Thoughts in Charts: Time Matters

I’m not sure you could build a better chart to illustrate how important time is to risk than this one!

First, let’s get oriented to what the bars represent. This chart tracks period long returns that tick forward year-by-year. For the 1-year returns, this forward tick is fairly intuitive because it’s 1 calendar year and then the next calendar year. What “rolling” means on the 5-year and longer chart is that it summarizes 5-year returns moving forward one year at a time. This is helpful because it means it’s summarizing more periods than it would had it moved forward in multi-year blocks.

The green bars represent the returns of a stock portfolio made up of the 500 largest US companies. In 1-year periods, the returns have ranged from up 47% to down 39%. Yikes! That’s a wild ride. If you scoot over to a 5-year period though, the range narrows significantly. The best 5-year period returned 28% while the worst lost -3%. If we look at the far right, the best 20-year period was 17% while the worst was 6%.

Let’s be clear, this chart doesn’t say what your return will be. What it does show is that it’s reasonable to expect that the longer that you are in the stock market, the better your chances are of a positive outcome. If you have 20 or more years until you need your invested money, it’s reasonable to take on more risk.

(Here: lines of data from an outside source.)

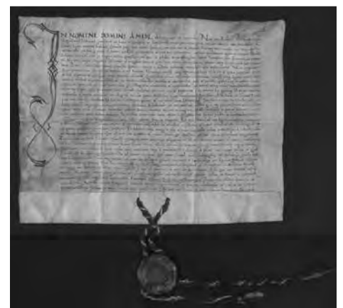
Rankraščio, rasto Vrublevskių bibliotekoje, faksimilė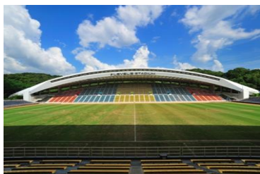
福岡県・福岡市 東平尾公園 博多の森球技場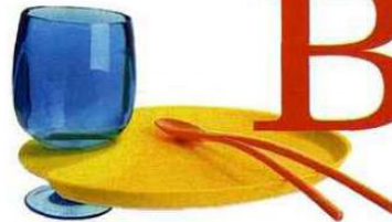
Nomade On glisse le pied de son verre dans l'encoche de cette assiette pour tenir le tout d'une seule main ! Assiette et cuillère-pince en polypropylène, 5,75 € pièce, Kozioł. Verre à pied Stacky, 5 €, chez Zak ! Designs.

Avec ces ustensiles flashy, vos déjeuners au jardin et vos soirées barbecue en voient de toutes les couleurs.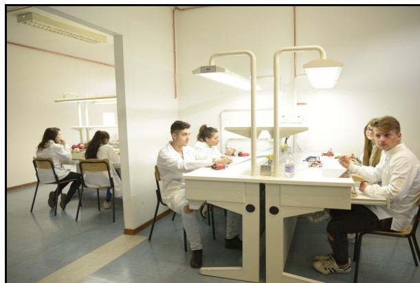
Indirizzo Odontotecnico / Il nostro Laboratorio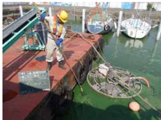
みずすましアオコ回収状況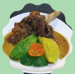
LAMSBOUT À MODA TRATTORIA

Horário de funcionamento Segunda a quinta feira das 11:30 às 15:30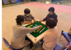
㉓ニコニコサークル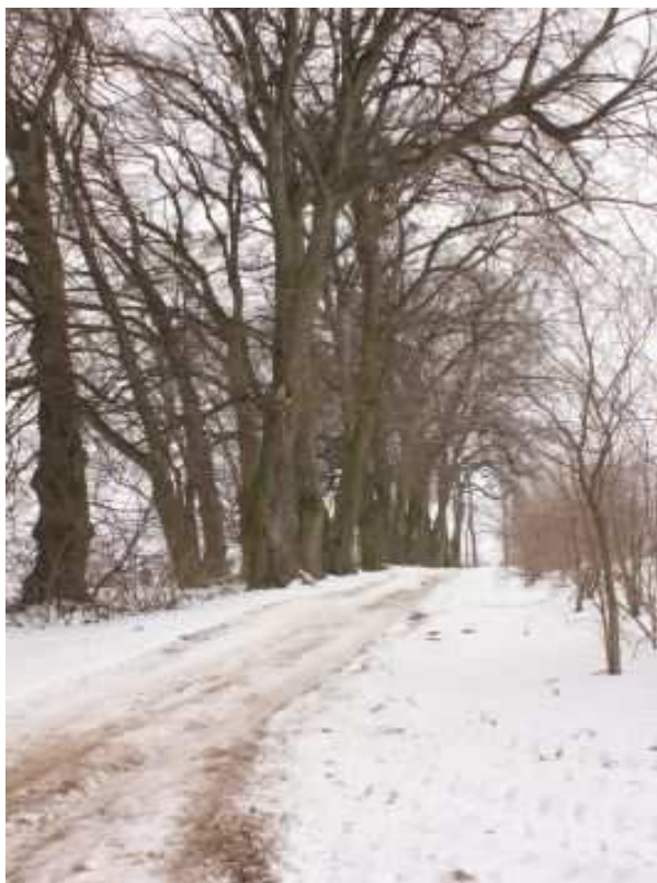
Rys. 14. Park

W 2 poł. XIX w. w miejscowości Peresołowice obecny był dwór i folwark obok, których rozciągał się park o powierzchni 3 ha. W czasie I wojny światowej dwór i folwark zostały całkowicie zniszczone i już nigdy nie odbudowane, a park sukcesywnie zmniejszał swoją powierzchnię. W tej chwili są to już tylko niewielkie pozostałości. Usytuowany przy drodze gminnej, wysoki stopień zdewastowania. Brak infrastruktury parkowej typu ogrodzenie, tablice informacyjne, czy też oświetlenie. W Parku występuje duża różnorodność drzew takich jak: Brzoza, Lipa, Grab, Olcha, Wierzba.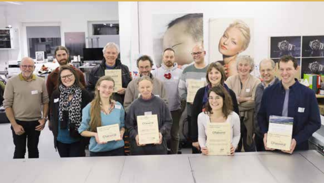
Un certificat imprimé sur bois est remis aux entreprises partenaires du Parc.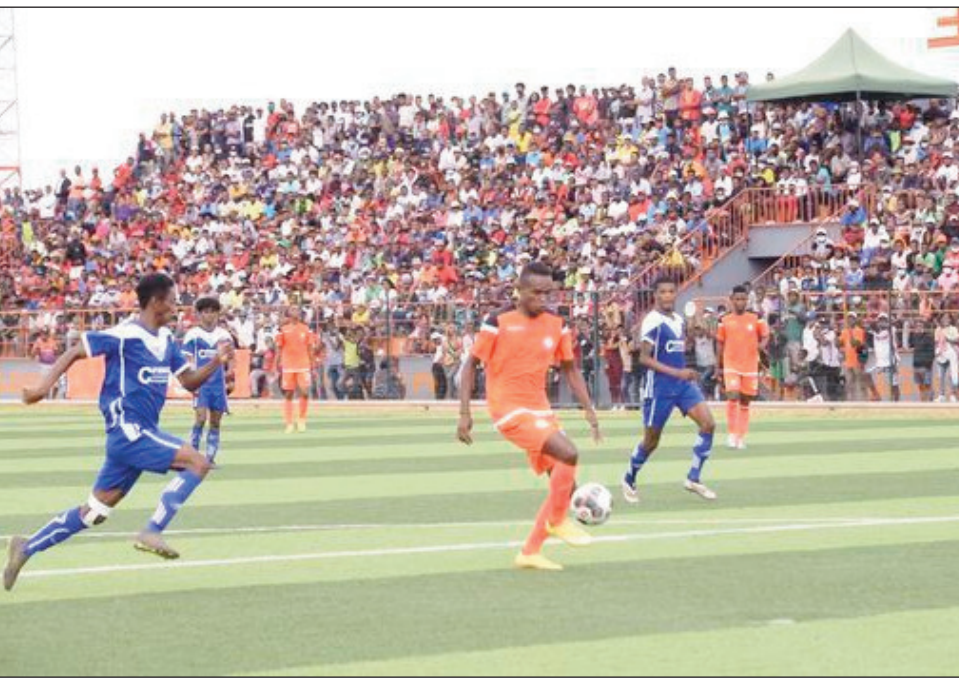
Fihaonan'ny Elgeco sy Five Fc farany teo.

Mbola ny ekipan'ny Five Fc Analamanga ao amin'ny "Conférence Sud", sy ny As Adema ao amin'ny "Conférence Nord", no mbola mitarika an'isa vonjimaika ankehitriny taorian'ny andro faha-6 sy andro faha-8 notontosaina tamin'ny faran'ny herinandro lasa teo iny. Eo amin'ny baolina kitra fifaninanana Orange Pro League 2021. Kianja maromaro no nanatanterahana ny lalao ny faran'ny herinandro teo, tany amin'ny kianja Maoderna Ampasambazaha Fianarantsoa, tany amin'ny kianja Barikadimy Toamasina, teny amin'ny Elgeco Plus Stadium teny amin'ny By-Pass, ary tany amin'ny kianja Rabemananjara tany Mahajanga.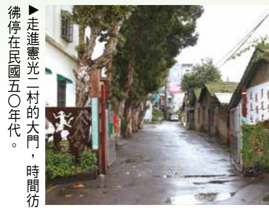
▲走進憲光二村的大門，時間彷彿停在民國五〇年代。

提供憲兵軍官居住；丙種房舍是一房一廳一衛，為憲兵士官住所。公寓房舍最初是一座水塘，兒童夏天常會在這裡戲水嬉戲，民國六十二年改建成為四棟公寓，提供更多憲兵眷屬入住，確定憲光二村的規模。 憲光二村之所以能夠保留，與原居民的團結向心有很大關係。同樣是眷村子弟的鄭小姐說，民國九十五年馬祖新村成為桃園第一個保留眷村後，龜山也掀起了保留運動，只有憲光二村原居民最積極，因此成為龜山唯一獲得保留的眷村。儘管憲光二村沒有入選國防部十三處「國軍老舊眷村文化保存區」，但更貼近一般眷村居民的生活場景，成為電視節目製作人王偉忠青睞的取景地。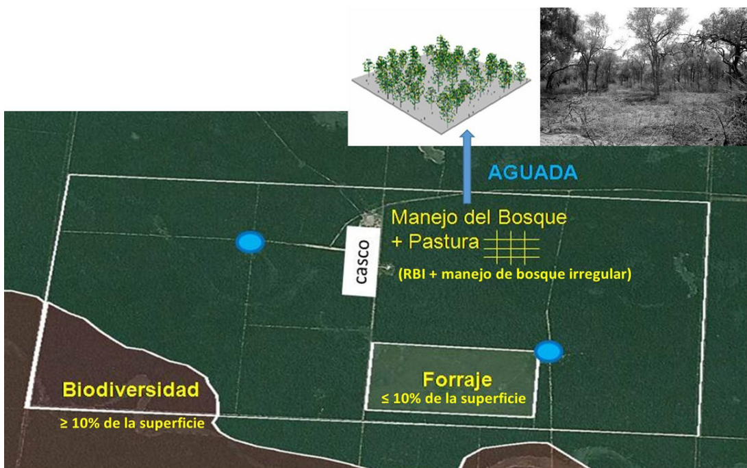
Figura 3. Esquema de distribución espacial a nivel predial de la propuesta Manejo de Bosques con Ganadería Integrada (MBGI) para Bosques del Chaco Semiárido de la provincia de Santiago del Estero (Navall et al. , 2016).

En el país, diez provincias formalmente adhirieron al Convenio MBGI con diferentes grados de avance. Las provincias de Salta, Chaco, Formosa y Santiago del Estero firmaron la adhesión al convenio MBGI en el año 2015. Las provincias Patagónicas (Neuquén, Río Negro, Chubut, Santa Cruz y Tierra del Fuego) firman el convenio en el año 2016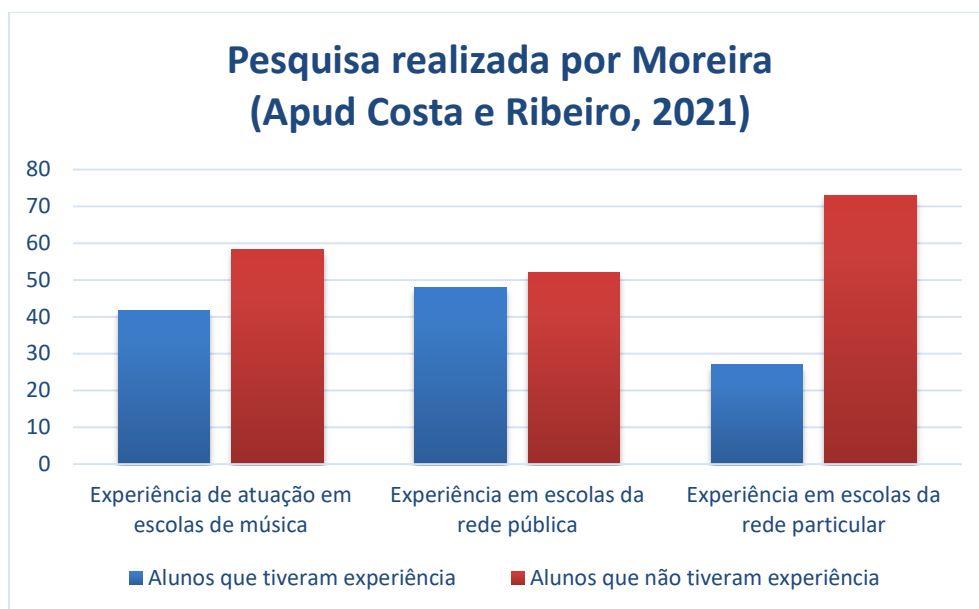
Gráfico 2 – Pesquisa/Costa e Ribeiro

Fonte: Artigo de Costa e Ribeiro “Estudos com egressos de Licenciatura em Música: o que revelam as publicações brasileiras” (2019, p. 17).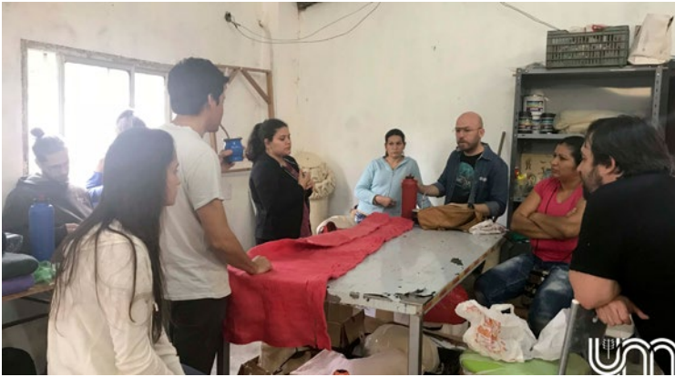
Figura 12 Sesión de trabajo en el taller de Lanas de Misiones.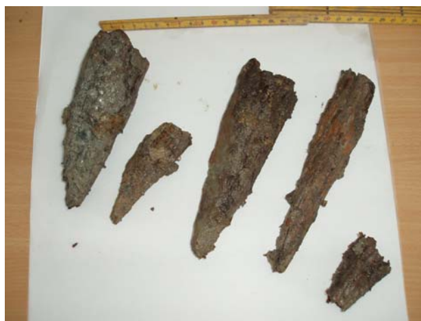
Fig. 16: Tilspidsede pæle fra brønd A 1020

Mellem hus BD og BF fremkom en brønd. Brønden, som i overfladen havde en diameter på 3 meter var i alt 2 m dyb. Nederst i brønden var siderne holdt på plads af tilspidsede træpæle som var rammet ned i dennes bund. De tilspidsede træpæle stod bevaret i en højde af omkring 25 cm. I brønden fremkom der yderligere noget ubearbejdet træ, som i dennes anvendelsestid er faldet eller smidt heri. Brønden er dateret til ældre romersk jernalder omkring 100 e. Kr. ud fra en tilnærmelsesvis hel, ornamenteret lerkop, fundet tæt ved brøndens bund.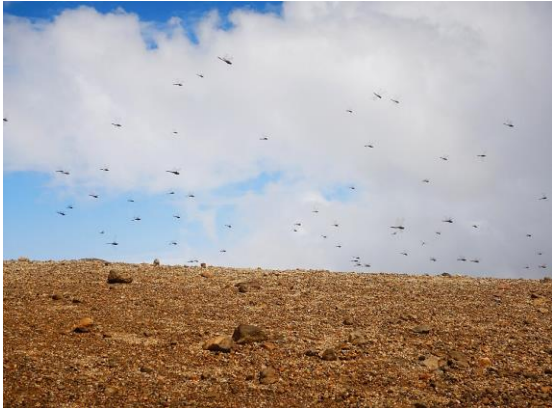
アキアカネがもう飛んでいます。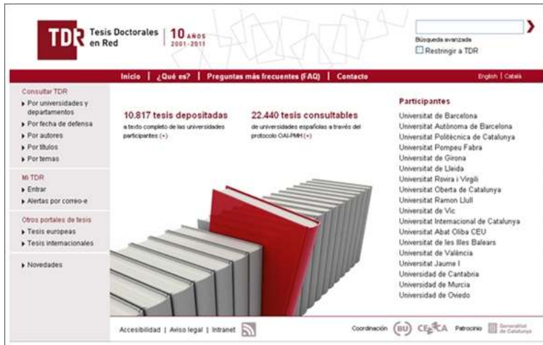
Tesis Doctorales en Red 1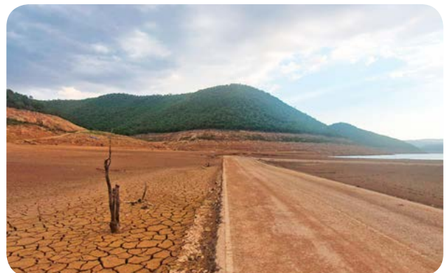
Antiga carretera de Tiurana cap a Andorra.

The blue bar represents a portfolio of bonds. In the 1-year period, you can immediately see a much lower historical downside volatility. When you move over to the 10-year period, this segment of the market has historically always landed in the positive return range.

Notice that this less risky asset class has never had a return as high as the green stock bar. If you look at the 20-year range, the bond market’s lower risk lands both the upper and the lower parts of the bar in less favorable sections than the green stock bar.

As I said last week, time helps us think about how much risk to take and risk helps determine the opportunity for return.